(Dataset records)
..............................

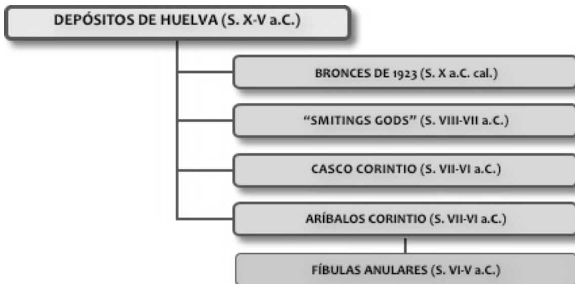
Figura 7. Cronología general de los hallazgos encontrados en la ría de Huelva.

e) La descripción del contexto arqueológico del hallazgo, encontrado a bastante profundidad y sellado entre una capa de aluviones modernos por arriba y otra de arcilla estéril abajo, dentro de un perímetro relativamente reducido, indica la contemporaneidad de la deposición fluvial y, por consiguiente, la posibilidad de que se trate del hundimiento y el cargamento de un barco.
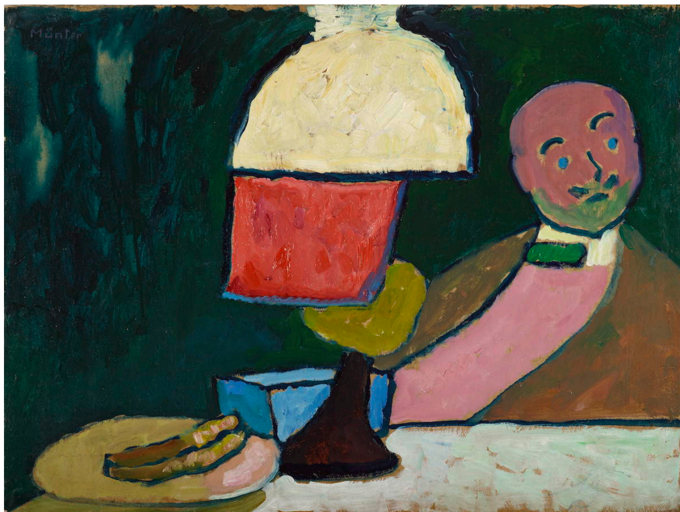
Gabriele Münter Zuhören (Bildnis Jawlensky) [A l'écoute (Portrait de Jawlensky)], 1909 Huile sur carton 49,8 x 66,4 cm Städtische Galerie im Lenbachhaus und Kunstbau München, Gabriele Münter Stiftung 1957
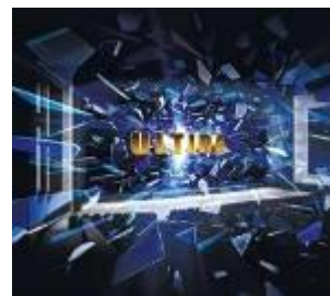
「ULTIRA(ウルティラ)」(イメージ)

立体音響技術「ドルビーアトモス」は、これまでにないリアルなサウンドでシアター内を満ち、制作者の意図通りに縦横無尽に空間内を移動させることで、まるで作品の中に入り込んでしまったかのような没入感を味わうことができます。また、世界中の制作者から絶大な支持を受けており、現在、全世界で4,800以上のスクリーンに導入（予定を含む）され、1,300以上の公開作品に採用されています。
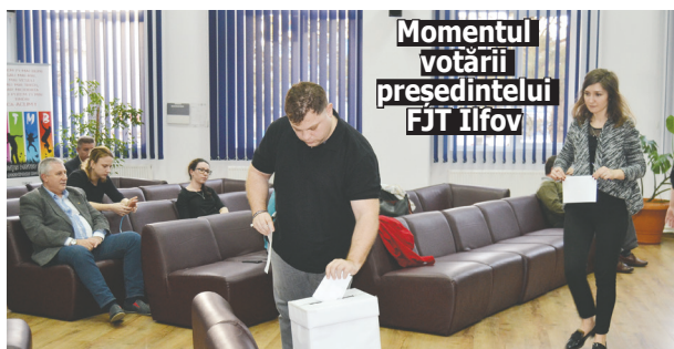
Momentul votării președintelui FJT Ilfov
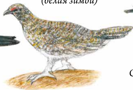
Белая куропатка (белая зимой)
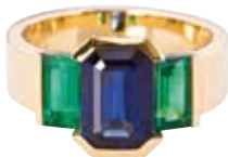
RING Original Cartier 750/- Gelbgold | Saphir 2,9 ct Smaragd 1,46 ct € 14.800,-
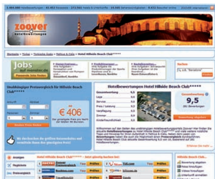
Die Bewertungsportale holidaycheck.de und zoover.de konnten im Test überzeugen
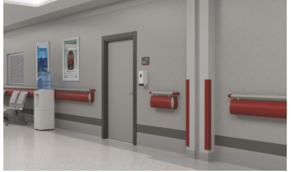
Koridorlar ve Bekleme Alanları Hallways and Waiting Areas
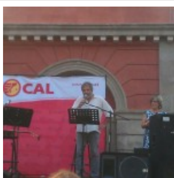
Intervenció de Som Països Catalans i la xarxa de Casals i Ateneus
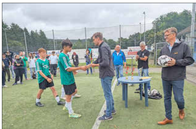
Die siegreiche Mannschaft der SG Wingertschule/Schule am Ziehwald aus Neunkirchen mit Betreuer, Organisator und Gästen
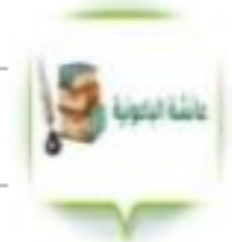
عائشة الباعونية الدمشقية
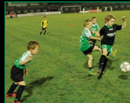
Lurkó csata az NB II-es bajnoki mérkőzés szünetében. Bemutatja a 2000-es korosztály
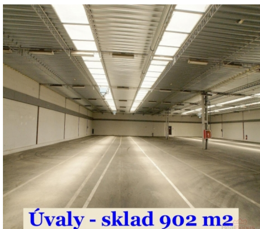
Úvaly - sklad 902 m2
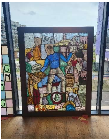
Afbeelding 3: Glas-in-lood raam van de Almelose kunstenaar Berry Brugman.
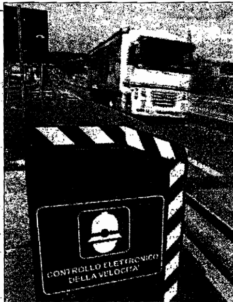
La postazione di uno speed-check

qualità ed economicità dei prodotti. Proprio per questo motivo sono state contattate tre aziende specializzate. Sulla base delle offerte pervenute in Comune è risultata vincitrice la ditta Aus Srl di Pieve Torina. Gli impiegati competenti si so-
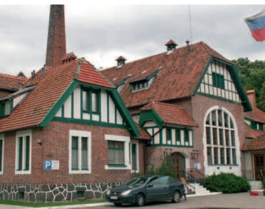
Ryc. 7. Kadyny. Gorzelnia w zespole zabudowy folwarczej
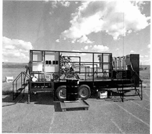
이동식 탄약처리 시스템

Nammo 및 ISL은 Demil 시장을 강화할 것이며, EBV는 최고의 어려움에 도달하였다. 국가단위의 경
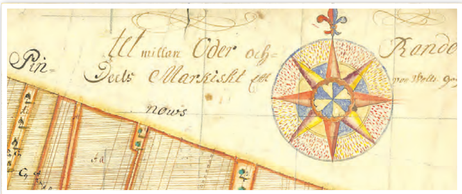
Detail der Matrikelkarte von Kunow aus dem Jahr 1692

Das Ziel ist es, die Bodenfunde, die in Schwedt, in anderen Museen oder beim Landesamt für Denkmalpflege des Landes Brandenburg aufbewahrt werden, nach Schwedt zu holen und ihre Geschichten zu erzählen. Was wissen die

..............................

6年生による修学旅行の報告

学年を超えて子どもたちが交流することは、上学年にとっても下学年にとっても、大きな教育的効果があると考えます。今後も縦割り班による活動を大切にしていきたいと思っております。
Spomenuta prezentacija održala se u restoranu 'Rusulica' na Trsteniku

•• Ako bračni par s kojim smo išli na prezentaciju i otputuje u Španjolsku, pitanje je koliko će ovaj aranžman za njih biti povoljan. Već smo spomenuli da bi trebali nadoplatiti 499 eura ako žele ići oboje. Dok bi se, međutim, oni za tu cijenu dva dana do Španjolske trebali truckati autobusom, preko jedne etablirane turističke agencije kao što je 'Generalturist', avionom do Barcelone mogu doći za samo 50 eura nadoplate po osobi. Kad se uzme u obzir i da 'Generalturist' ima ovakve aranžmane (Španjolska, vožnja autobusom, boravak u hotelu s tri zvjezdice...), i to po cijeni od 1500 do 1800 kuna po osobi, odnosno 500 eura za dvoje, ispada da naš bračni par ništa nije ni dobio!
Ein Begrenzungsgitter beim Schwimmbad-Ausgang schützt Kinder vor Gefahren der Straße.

..............................

=== Exercise brief ===
Copy out the lines above with "beim" in them.

=== Task result ===
Das Ziel ist es, die Bodenfunde, die in Schwedt, in anderen Museen oder beim Landesamt für Denkmalpflege des Landes Brandenburg aufbewahrt werden, nach Schwedt zu holen und ihre Geschichten zu erzählen. Was wissen die
Ein Begrenzungsgitter beim Schwimmbad-Ausgang schützt Kinder vor Gefahren der Straße.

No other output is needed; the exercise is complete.